Yo no creo en ese programa para mejorar empresas en donde te dicen unas frases muy al estilo Cohelo (puaj, *vomito*) para que sientas que en verdad sí se puede lograr algo cuando das lo mejor de ti para lograrlo. Venga, eso es cierto, no hay que ser genio para saber que cuando algo depende enteramente de ti y de tu esfuerzo, es bastante probable que lo puedas conseguir siempre y cuando nadie te meta una piedra, un tronco o un yunque en el camino. Pero bueno, allá la empresa si quiere pagar cifras de cinco dígitos para nos repitan la misma cantaleta. En realidad, yo disfruté bastante el primer seminario, hasta rompí un tablita mismo karateka, pero ahora es diferente… y ahora ya no puedo creer en esa pseudo doctrina si es que alguna vez creí en serio en ella.Esto pasó el lunes. Yo andaba repartiendo flyers cuando vi llegar a mi jefa con sus tres carteras de siempre, sus lentes de sol como vincha y el periódico en la mano. Y nada, hubiera sido un lunes normal y de mierda como todos si no hubiera subido sólo para enterarme que el dueño de la corporación (el men que dirige el imperio desde la tierra del imperialismo xD) había decido, en contra de la voluntad del gerente general de nuestra sucursal, que mi jefa se fuera de empresa. Pues bueno, cuenta la leyenda que esto pasó debido a los despidos masivos del personal del área comercial que hubo en el mes de septiembre. Al parecer, estos individuos de mala calaña habían escrito mails anónimos al mismísimo dueño de la empresa, y como consecuencia, la semana pasada tuvimos la agradable visita del señor - amén, saca alfombra roja y vístete bonito - que tomó un avión solamente para ver qué carajos pasaba con tanto mail quejoso y malintencionado. Y este señor, que no tiene idea de cómo trabajamos acá, decidió sacar a mi jefa porque tiene "una relación muy estrecha con el gerente", malísima e ilógica excusa para llenar el vacío de excusas o acusaciones contra ella. Ella tenía la camiseta bien puesta, y no miento ni exagero al decir esto, además hacía un excelente trabajo. Conclusión, uno no puede ser amigo del gerente porque si eres, pues bye bye.

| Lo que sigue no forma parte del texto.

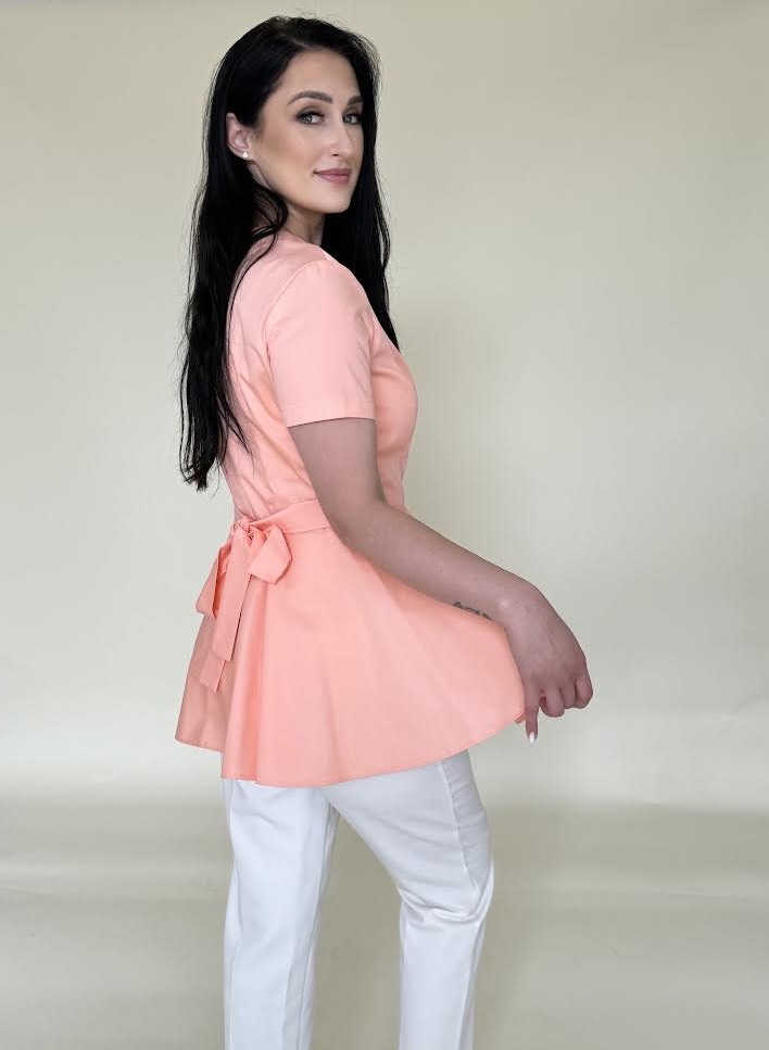 Nasz ubiór ma bardzo duży wpływ na nasze samopoczucie. W pracy można również wyglądać świetnie, podobać się sobie, a przy okazji zachować szyk i elegancję. Nasze fartuszki są wykonane z dbałością o każdy Detal, gdyż zadowolenie naszych klientek jest dla nas priorytetem. Fartuszki posiadają krój który podkreśli Twoją sylwetkę. Są w 100proc. produktem polskim. Zaprojektowaliśmy je z myślą o wygodzie, elegancji i ponadczasowości. Szyjemy wyłącznie z atestowanych tkanin, (OEKO-TEST) odpornych na wysokie temperatury prania (95st.). Skład to: 65% poliester i 35% bawełna. Dzięki temu są odporne na zagniecenia, łatwe w prasowaniu i utrzymaniu w czystości. Jeżeli chciałabyś mieć na fartuszku logo swojego salonu, to zapraszamy do kontaktu z naszym konsultantem. Fason z baskinką, bardzo kobiecy, przeznaczony do gabinetów kosmetycznych, spa i gabinetów masażu. Dostępny wybór kolorów.

Entonces, yo no creo en ese programa, porque ella excedía las expectativas, daba más de lo que le pedían, se exigía a sí misma, no chismeaba, no hablaba mal ni se metía con nadie, se relacionaba bien con todos, etc, etc, etc (o sea todas las cojudeces que te dicen en estos seminarios); sin embargo, ahora está en su casa arreglando su currículum y de seguro levantándose tarde (que envidia eh) por un capricho y por la maldad de la gente.
El sábado tenemos seminario nuevamente, pero esta vez será distinto. Yo no puedo creer en ustedes, señores, si mi oficina está tan silenciosa y vacía porque mi ex jefa se llevó la radio y sus malditas bromas que me hacían reír en medio de tanta mierda.